Saber que debía estar sobre la línea del ecuador no ayudaba mucho. Podría estar en cualquier país asiático, indonesio o polinesio.
Nadie habló para darme un idioma o acento. Nadie dijo descaradamente, ‘Hola, Eleanor. Bienvenida a tal y cual. Lamentamos el trastorno de tu vida. ¿Qué tal si te subimos a un avión y te devolvemos con tu novio de inmediato?’
Alejándome de pensamientos tan estúpidos, me quedé paralizada mientras él descansaba en cuclillas, abría una bolsa con jeringas, bisturíes y otros equipos esterilizados, todo envuelto en paquetes individuales, y procedía a localizar un área de mi garganta, picaba mi piel con una cuchilla de aspecto perverso, y retiraba el rastreador con un par de pinzas.
No había peleado con él.
No le había hecho el trabajo difícil.
Quería que me quitaran esa cosa desagradable, y lo había hecho.
Incluso sonreí en agradecimiento cuando dejó caer el dispositivo en forma de arroz al suelo y lo aplastó bajo su brillante zapato negro.

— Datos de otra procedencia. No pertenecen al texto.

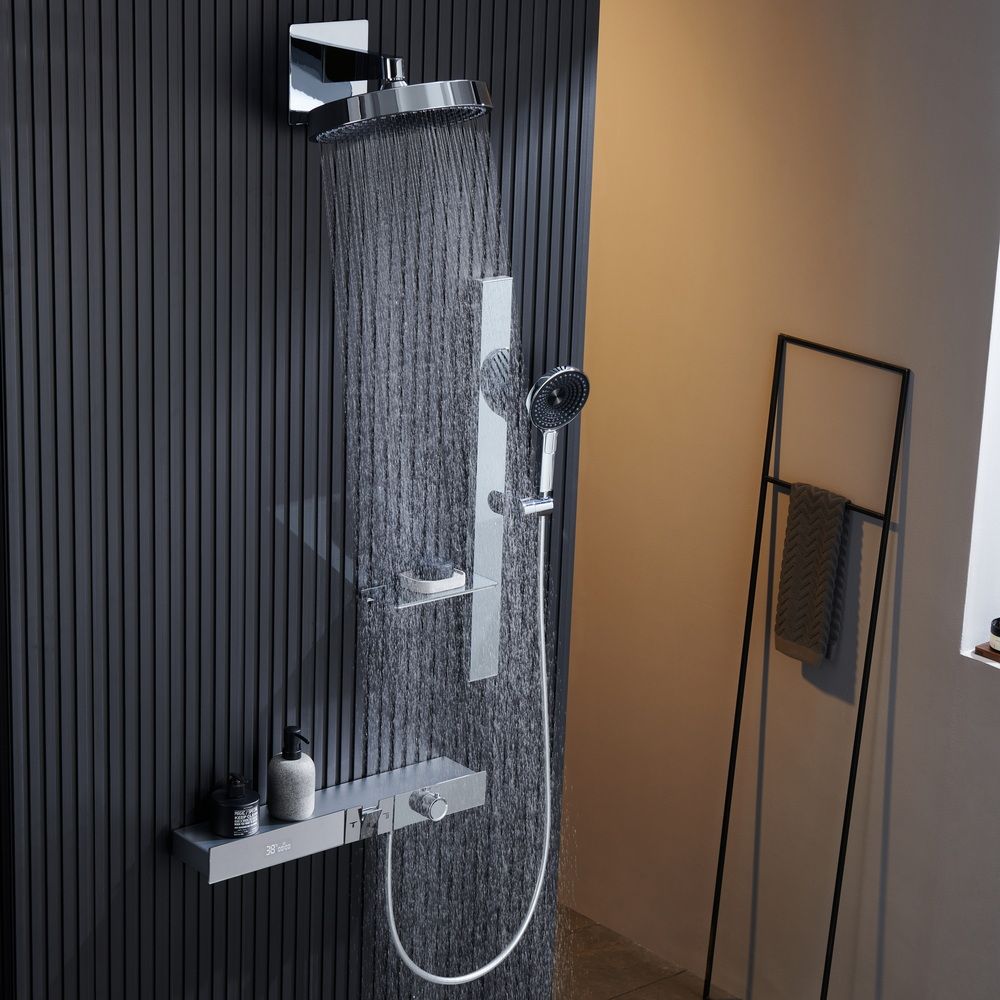 Корпус душевой системы изготовлен из высококачественной латуни, что гарантирует ее прочность и долговечность. Кроме того, она оснащена LED-дисплеем, который позволит вам легко контролировать температуру воды и обеспечит максимальный комфорт и безопасность при использовании, что особенно удобно для семей с маленькими детьми или пожилыми людьми.

No cosió mi herida para cerrarla, solo aplicó algún tipo de adhesivo, presionó un pequeño vendaje sobre ella, luego centró su atención en la quemadura de la cuerda alrededor de mi garganta y muñecas, el moretón en mi sien, el tatuaje recién exudado, y levantó su ceja expectante, preguntando universalmente, incluso si no hablábamos el mismo idioma, si tenía otras dolencias.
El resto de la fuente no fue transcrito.